- Candace Payne filmed herself in a moment of laughter.
- Starring: Candace Payne
- Release date: May 19, 2016;
- Running time: 4 minutes, 4 seconds
- Language: English

= Chewbacca Mask Lady =

2016 viral video

Chewbacca Mask Lady (also known as Chewbacca Mom) is a viral video featuring 37-year-old Texan mother Candace Payne filming herself heartily laughing while wearing a mask of Star Wars character Chewbacca. The video was posted to Facebook with the description "It's the simple joys in life...." on May 19, 2016.

==Reaction==
The video became so popular that Forbes reported that the mask sold out from every online retailer. In response, Kohl's, where the mask was purchased, gave Payne about $2,500 in gift cards, Star Wars toys and 10,000 reward points.
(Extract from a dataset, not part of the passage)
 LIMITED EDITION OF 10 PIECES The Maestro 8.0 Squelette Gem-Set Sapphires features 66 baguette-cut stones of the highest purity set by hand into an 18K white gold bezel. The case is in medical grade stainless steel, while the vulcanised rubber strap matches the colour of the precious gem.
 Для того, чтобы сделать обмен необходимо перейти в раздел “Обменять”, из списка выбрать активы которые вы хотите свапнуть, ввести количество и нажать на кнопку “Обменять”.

On May 23, 2016, the British television presenters Holly Willoughby and Phillip Schofield wore the masks on This Morning. On the same day, Payne appeared on Good Morning America, where Hasbro gave her more Star Wars toys. Later that day, musical comedy group The Gregory Brothers uploaded an autotuned remix of the video.
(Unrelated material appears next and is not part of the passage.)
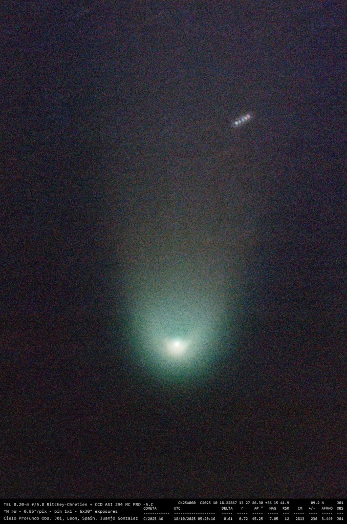 Nucleo cometa C/2025 A6 Imagen • 18 octubre 2025 • Juanjo Gonzalez Comparte esto: Comparte en Facebook (Se abre en una ventana nueva) Facebook Compartir en X (Se abre en una ventana nueva) X Me gusta Cargando... Relacionado
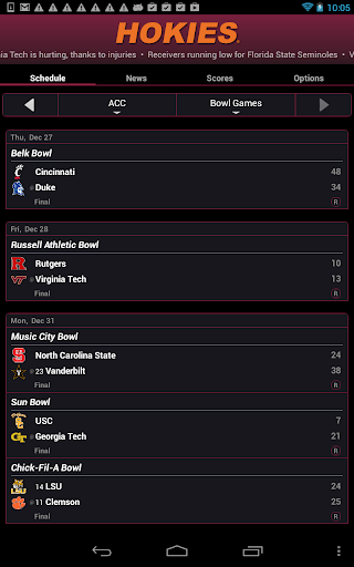 **7 Day Free Trial!** Official Virginia Tech Hokies Live Clock, with college football and basketball scores below the clock when games are in progress. This widget lets you replace the standard clock in your phone with a custom Virginia Tech clock, with instant access to scores, schedules and news (as well as other conferences). You don’t even need to open the app to see live scores—they appear automatically during live games. When no games are on, you’ll see the latest news headlines below the clock.

Payne appeared on The Late Late Show with James Corden with J. J. Abrams, and appeared on "The Star Wars Show" on the Star Wars YouTube channel on May 25, 2016. She received $7,500 for a Memorial Day weekend visit at Disney's Hollywood Studios, $2,000 to attend Fan Expo Dallas with Chewbacca actor Peter Mayhew, and $400,000 in scholarship money from Southeastern University, bringing the total value of her gift to more than $420,000 as of June 7, 2016.

On May 24, 2016, Facebook CEO Mark Zuckerberg invited Payne to visit the Facebook headquarters in California. As of that date, the video had amassed over 140 million views on Facebook and was the most viewed Facebook Live video of all time. The video also had over three million Facebook "reshares".
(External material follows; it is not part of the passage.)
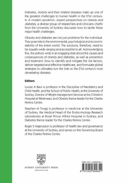 Diabetes, obesity and their related diseases make up one of the greatest challenges to human health in the 21st century. In A Modern Epidemic: Expert Perspectives on Obesity and Diabetes, a diverse group of researchers and clinicians from the University of Sydney has joined forces to discuss how to tackle these major health challenges. Obesity and diabetes are not just problems for the individual. They pose risks to the environmental, psychological and economic stability of the entire world. The solutions, therefore, need to be equally wide-ranging and accessible to all. Acknowledging this, the authors write in an engaging style about the causes and consequences of obesity and diabetes, as well as prevention and treatment: how to identify and mitigate the risk factors, deliver targeted and effective healthcare, and formulate global strategies to ultimately turn the tide on the 21st century's most devastating diseases.

Payne visited Hasbro headquarters with her family on June 19 and was presented with a "Chewbacca Mom" action figure. The body looks like Chewbacca, but the head is a representation of Payne, including a removable Chewbacca mask; it also has 13 prerecorded phrases such as "That's not me making that noise, it's the mask," and "I am such a happy Chewbacca." Payne has since signed on as a video blogger with the television network TLC and written a book about her experience Laugh It Up!: Embrace Freedom and Experience Defiant Joy (2017). Payne is a graduate of Ouachita Baptist University.

==Other videos==
On July 9, 2016, Payne posted a video on Facebook of her cover of Michael Jackson's song "Heal the World" and dedicated it to the victims of the 2016 shooting of Dallas police officers, which happened days earlier in Dallas, near her home. This video, and the widespread perception that it represented a misunderstanding of or a distraction from important issues, was the likely origin of the term milkshake duck, according to the term's creator.

==In other media==
The video was parodied in the 2018 Disney animated film Ralph Breaks the Internet, the sequel to 2012's Wreck-It Ralph. In the film, before Ralph and Vanellope meet her and while determining which videos must be on BuzzzTube, Yesss and her assistant Maybe see a video entitled "Chewbacca Dad", to which Maybe explains to his boss that it is Chewbacca, but a dad rather than a mom, much to Yesss' annoyance.